FREE MINDS FOR THE MIDDLE EAST

Friday, May 30, 2003

Converting Iraq?
Tim Cavanaugh at Reason has put on his miter to write about a subject that is getting less coverage than it deserves: Evangelical Christians and postwar Iraq.

He observes: "Now there are many reasons to be concerned about seeing evangelicals unleashed in the Arab world -- not least of which is their tendency ... to see the Middle East as a playground for enacting millennial fantasies ... But these alarms over evangelical missions in Iraq overlook two points.

The first has to do with religious freedom. Proselytizing, converting, passing out literature, importuning people with your witnessing, even vituperating rival religious beliefs, may all be fairly irritating in practice, but they are also essential to the very concept of freedom of worship. A countryside dotted with motivated, suspiciously cheerful missionaries is a signal that religious liberty is in good shape. Certainly a faith as total and dynamic as Islam can withstand the relatively feeble attractions of a few born again missionaries ...

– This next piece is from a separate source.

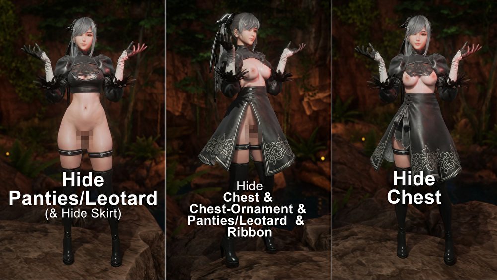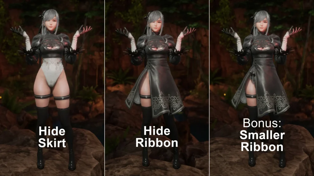 「YoRHa Unofficial Ceremonial Attire – Bottomless」は【NieR:Automata風のヨルハ礼装を大胆にアレンジし、下半身を完全に露出させた背徳仕様】に変更するエロMOD。

The second point is less obvious, but will be familiar to anybody who has seen how the evangelization process works in Arab communities: When evangelicals proselytize Arabs, they don't focus on Muslims but on Christians. Specifically, on followers of the traditional eastern churches -- Orthodox, Coptic, eastern-rite Catholic, and so on -- that occupy small minority positions in the Middle East.